CIMLA: Interpretable AI for inference of differential causal networks
This work addresses the need for interpretable AI methods to infer differential causal networks in bioinformatics, particularly for analyzing gene regulatory changes between biological conditions, though it appears incremental as it builds on existing feature attribution models.
The paper tackled the problem of discovering causal relationships from high-dimensional data in bioinformatics by developing CIMLA, a tool for identifying condition-dependent changes in causal networks, and demonstrated its robustness and accuracy through benchmarking on simulated data and application to Alzheimer's disease data.

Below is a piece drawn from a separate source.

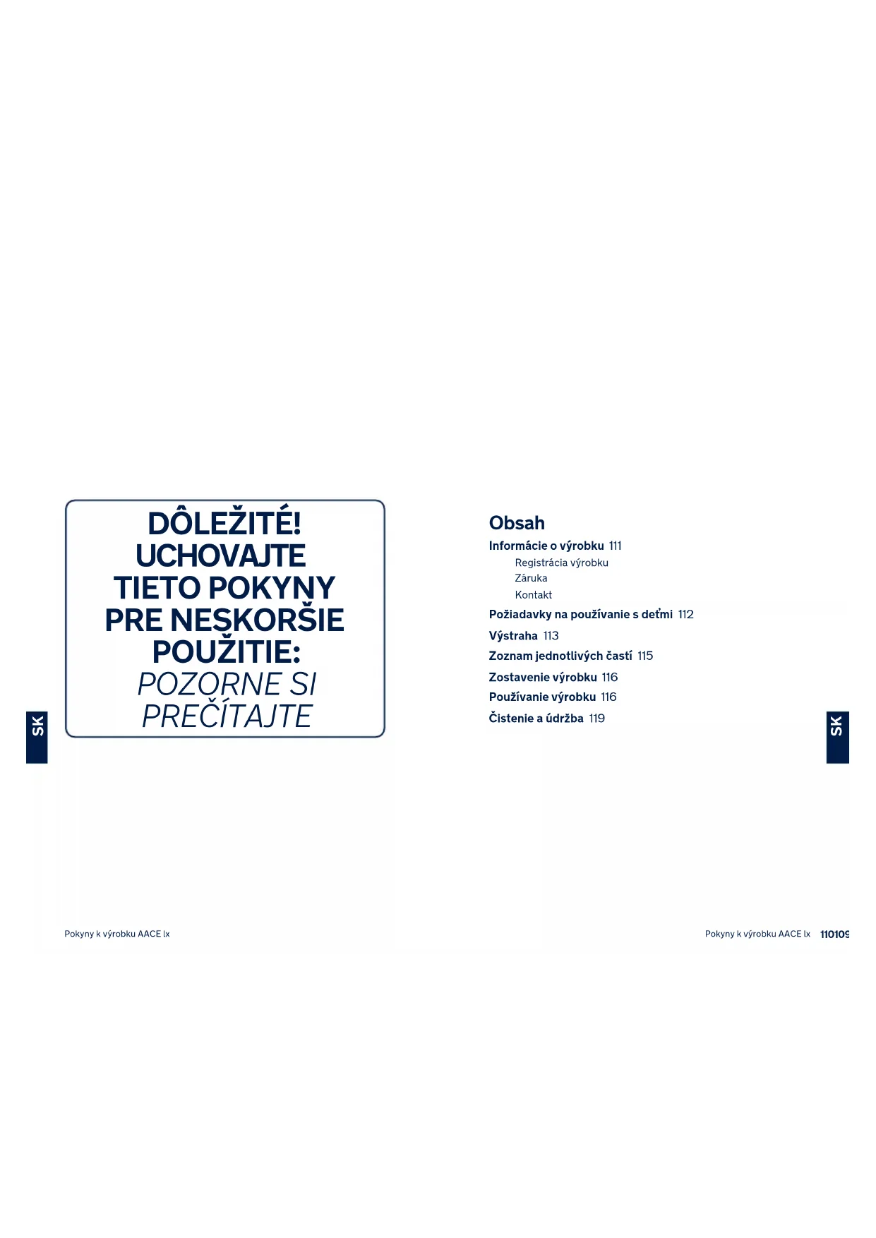 Pokyny k výrobku AACE lx Pokyny k výrobku AACE lxInformácie o výrobku Číslo modelu: ___________________________________________________________________________________________ Vyrobené v (dátum): ________________________________________________________________________________ Registrácia výrobku Vyplňte vyššie uvedené informácie. Číslo modelu a dátum výroby sú uvedené na spodnej strane výrobku AACE lx. Ak svoj výrobok chcete zaregistrovať, navštívte: www.nunababy.com Na domovskej stránke kliknite na odkaz „Registrovať zariadenie“. Záruka Zámerne sme navrhli naše výrobky vysokej kvality tak, aby mohli rásť s vaším dieťaťom aj vašou rodinou. Pretože si stojíme za naším výrobkom, naše vybavenie je kryté vlastnou zárukou na každý výrobok, začínajúc dňom zakúpenia. Ak nás budete kontaktovať, pripravte si doklad o kúpe, číslo modelu a dátum výroby. Viac informácií o záruke nájdete na stránke: www.nunababy.com Na domovskej stránke kliknite na odkaz „Záruka“. Kontakt Ohľadne náhradných dielov, servisu alebo ďalších otázok o záruke sa obráťte na naše oddelenie služieb zákazníkom. info@nunababy.com www.nunababy.com Požiadavky na používanie s deťmi Tento výrobok je vhodný na používanie s deťmi, ktoré spĺňajú nasledujúce požiadavky:

The discovery of causal relationships from high-dimensional data is a major open problem in bioinformatics. Machine learning and feature attribution models have shown great promise in this context but lack causal interpretation. Here, we show that a popular feature attribution model estimates a causal quantity reflecting the influence of one variable on another, under certain assumptions. We leverage this insight to implement a new tool, CIMLA, for discovering condition-dependent changes in causal relationships. We then use CIMLA to identify differences in gene regulatory networks between biological conditions, a problem that has received great attention in recent years. Using extensive benchmarking on simulated data sets, we show that CIMLA is more robust to confounding variables and is more accurate than leading methods. Finally, we employ CIMLA to analyze a previously published single-cell RNA-seq data set collected from subjects with and without Alzheimer's disease (AD), discovering several potential regulators of AD.